• _WORKING DATA_:
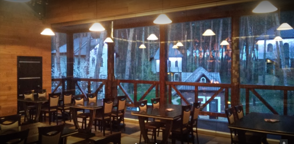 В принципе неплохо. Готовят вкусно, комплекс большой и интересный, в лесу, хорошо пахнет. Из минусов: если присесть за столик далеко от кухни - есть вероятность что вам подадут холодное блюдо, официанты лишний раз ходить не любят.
---
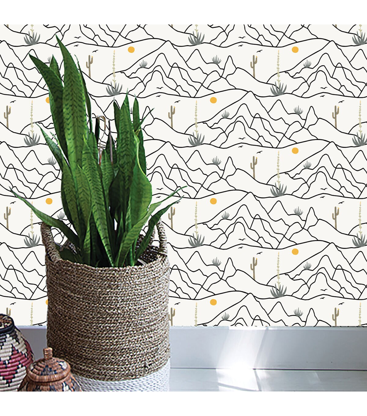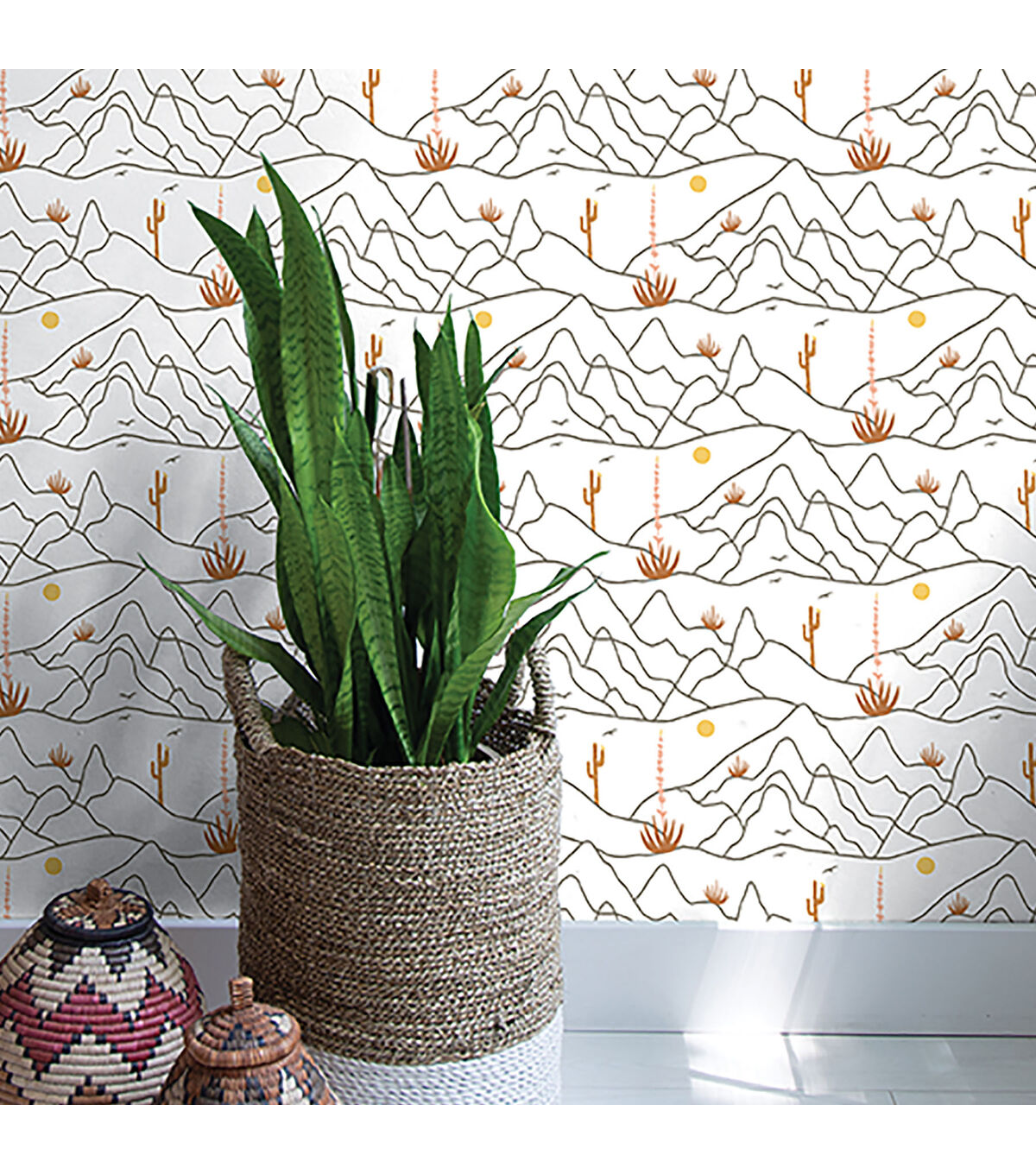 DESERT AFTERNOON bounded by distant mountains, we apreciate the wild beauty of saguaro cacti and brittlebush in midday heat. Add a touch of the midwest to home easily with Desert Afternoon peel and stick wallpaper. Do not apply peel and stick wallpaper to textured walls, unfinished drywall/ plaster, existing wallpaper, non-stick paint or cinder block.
==
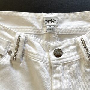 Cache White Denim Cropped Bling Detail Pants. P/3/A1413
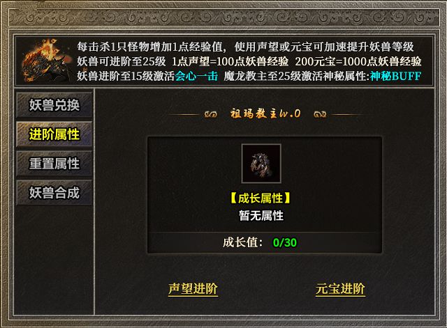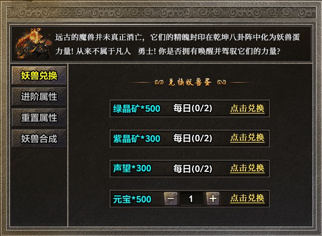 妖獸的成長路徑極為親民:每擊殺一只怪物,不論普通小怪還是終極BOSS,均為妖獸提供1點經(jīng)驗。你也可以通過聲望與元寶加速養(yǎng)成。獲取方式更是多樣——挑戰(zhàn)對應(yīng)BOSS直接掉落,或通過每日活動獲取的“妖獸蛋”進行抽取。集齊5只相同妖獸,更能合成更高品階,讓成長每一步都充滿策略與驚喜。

• _TASK ITEM_: Set the pictures aside and retype exactly the lines above from the line with "Cache White Denim" to the line with "妖獸的成長路徑極為親民:每擊", both included, adding no others.

• _COMPLETED TASK_:
 Cache White Denim Cropped Bling Detail Pants. P/3/A1413
 妖獸的成長路徑極為親民:每擊殺一只怪物,不論普通小怪還是終極BOSS,均為妖獸提供1點經(jīng)驗。你也可以通過聲望與元寶加速養(yǎng)成。獲取方式更是多樣——挑戰(zhàn)對應(yīng)BOSS直接掉落,或通過每日活動獲取的“妖獸蛋”進行抽取。集齊5只相同妖獸,更能合成更高品階,讓成長每一步都充滿策略與驚喜。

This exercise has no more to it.